Des weiteren kann es auch vorkommen, dass sich die Korrekturschicht, die auf dem Trägerband verbleiben soll von der Korrekturschicht, die auf das Substrat aufgebracht worden ist, zwar im Bereich der Auftragskante des Auftragsfußes genau trennt, jedoch durch das Abheben des Auftragsfußes vom Substrat sich die am Gerät verbleibende Korrekturschicht dennoch auch ein Stück weit von ihrem Trägerband löst. Dieses Stück abgelöster Korrekturschicht hängt dann quasi lose von dem Trägerband herunter, so dass auch dann bei einer nächsten Benutzung des Gerätes nicht gewährleistet ist, dass eine Korrekturüberdeckung mit einem sauber definierten Beginn durchgeführt werden kann. Auch ist dann die Gefahr vorhanden, dass die beim nächsten Mal auf das Substrat aufgebrachte Korrekturschicht nicht glatt ist, sondern beispielsweise Falten schlägt. Dieses abschnittsweise Lösen einer im Prinzip am Gerät verbleibenden Korrekturschicht von seinem Trägerband nennt man „Ablappen".
Bei Geräten, die anstelle eines Korrekturfilmes eine Klebstoffschicht auf ein Substrat aufbringen sollen, besteht die Gefahr des Ablappens oder des fehlerhaften Abrisses der zu übertragenden Schicht nicht, da eine solche Schicht unzusammenhängend ist. Dagegen kann dieses Problem bei einer Übertragung einer zusammenhängenden Schicht jeweils auftreten, auch dann, wenn beispielsweise diese zusammenhängende Schicht oder dieser zusammenhängende Film nicht als eigentliche Korrekturschicht oder als Korrekturfilm angesprochen werden kann, da vielleicht lediglich ein Abdecken, aber kein Überschreiben wirklich gewollt ist.
Der Erfindung liegt die Aufgabe zugrunde, eine unsaubere Trennung oder Undefinierte Trennung des zu übertragenden Filmes vom Trägerband zu vermeiden oder zumindest zu minimieren.
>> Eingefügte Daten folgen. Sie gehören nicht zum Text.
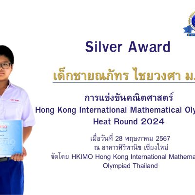เด็กชายณภัทร ไชยวงศา รางวัล Silver Award การแข่งขันคณิตศาสตร์ รายการ Hong Kong International Mathematical Olympiad Heat Round 2024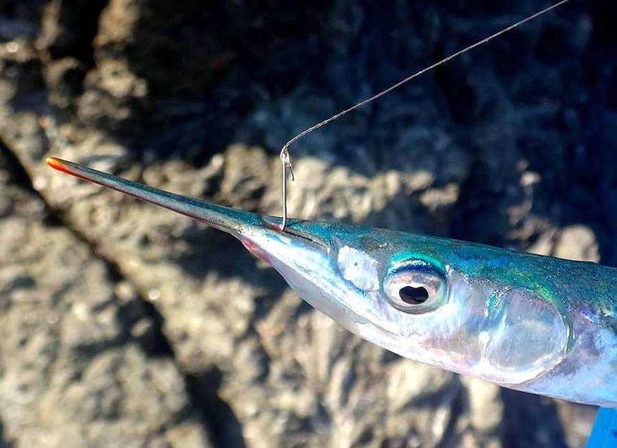 학꽁치는 흡입력이 약해 미끼를 건드리는 수준의 입질이 많습니다.

Diese Aufgabe wird erfindungsgemäß dadurch gelöst, dass der Auftragsfuß eine sich im wesentlichen quer zur Bewegungsrichtung des Trägerbandes erstreckende Auftragskante umfasst und dass entgegen der Bewegungsrichtung des Trägerbandes in einem Abstand zu der Auftragskante eine Abrisshilfe für den zu übertragenden Film bereitgestellt ist.
Sollte sich also der zu übertragende Film nicht schon dadurch sauber im Bereich der Auftragskante von dem Trägerband lösen, dass der Auftragsfuß von dem Substrat wieder abgehoben wird, nachdem ja der auf das Substrat übertragene Filmabschnitt mit einem gewissen Druck durch die Auftragskante auf dem Substrat verklebt worden ist, so ist also erfindungsgemäß mit Vorteil vorgesehen, dass ein zwangsweises Abreißen oder Abtrennen des nicht übertragenen und nicht zu übertragenen Filmes in der Nähe der Auftragskante dennoch erfolgt, indem erfindungsgemäß eine entsprechende Abrisshilfe bereitgestellt ist. Auch wenn der auf dem Substrat aufgebrachte Film im Bereich der Auftragskante abreißt, begrenzt die Abrisshilfe den möglichen Ablappungsbereich, ohne dann einen zusätzlichen Abriss zu bewirken. Dies bedeutet, dass der genannte Abstand zwischen der Auftragskante und der Abrisshilfe letztlich so klein wie
möglich gewählt werden sollte, ohne dadurch die Funktion und Handhabbarkeit des Gerätes bzw. des Auftragsfußes zu beeinträchtigen. Ebenso darf natürlich nicht der ungestörte Lauf des Trägerbandes über die Auftragskante gestört werden.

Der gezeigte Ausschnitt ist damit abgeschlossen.